She's almost 4 months now and I'm wondering how much weight she's actually put on? You can tell she's blossomed in the past few weeks! She's still so diddy compared to another cockapoo I know!


----------



## Minnie (Jun 8, 2012)

When we took Merlin for his second injection (2 weeks ago) he was 3.85kg, goin to try and weigh him ourselves today. He is quite chunky but also quite fluffy.


----------



## wiz1908 (Apr 19, 2012)

Enzo is 20 weeks & weighs 9.5kg!
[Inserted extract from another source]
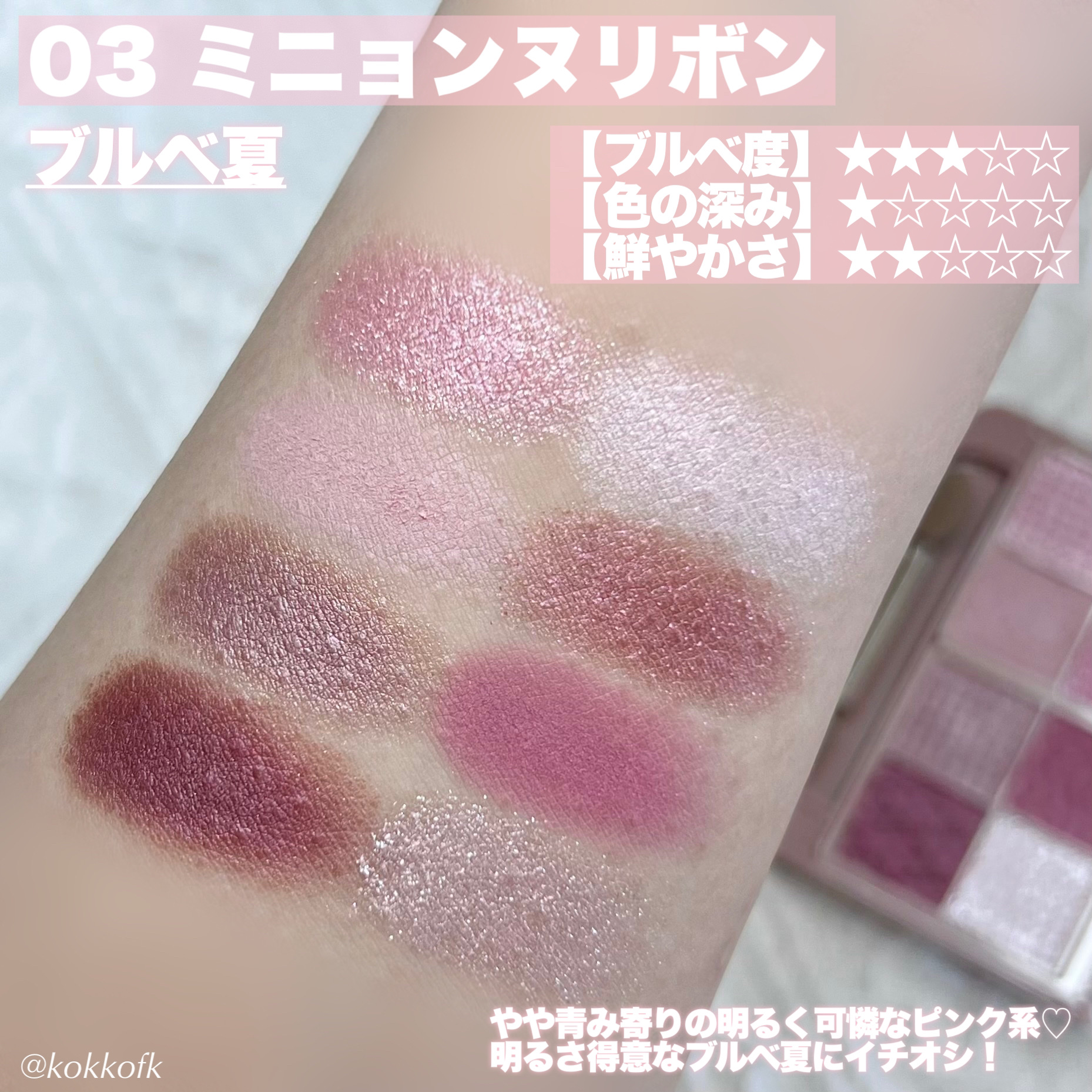CANMAKEの多色パレット🌼 マット・パール・ラメ3つの質感があって気分によって何通りも使い分けができるし何より手のひらサイズなのが調度よい◎ 01と03がブルベさんにオススメなので持ってない方は是非チェックしてみてね🫰 シーン問わず使いやすい肌馴染み良しなピンクベージュ 03 ミニョンヌリボンやや青み寄りのピンクが多め大人な甘さのピンク
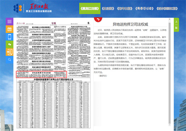 《人民法院报》:黑龙江依兰 一小时内高效执结六年积案

Definitely a bigger version lol! not fat or overweight though just a big boy with big paws!. His sister from a previous litter, which my breeder still has is big for a cockapoo too


----------



## designsbyisis (Dec 27, 2011)

Dexter is 7 months and 10 kg


Sent from my iPhone 
Lisa - mum of 3 boys, Dexter Cockapoo & 4 hens !


----------



## RuthMill (Jun 30, 2012)

Lola was 1.75kg at 10 weeks, 2 kg at 12 weeks, and now 3kg at 14 weeks. Her dad was a toy poodle and mum working cocker! You weights sound about right.. However it's extremely variable due to the mix breed. As long as she is healthy and gaining some weight and her body feels ok then your good.


----------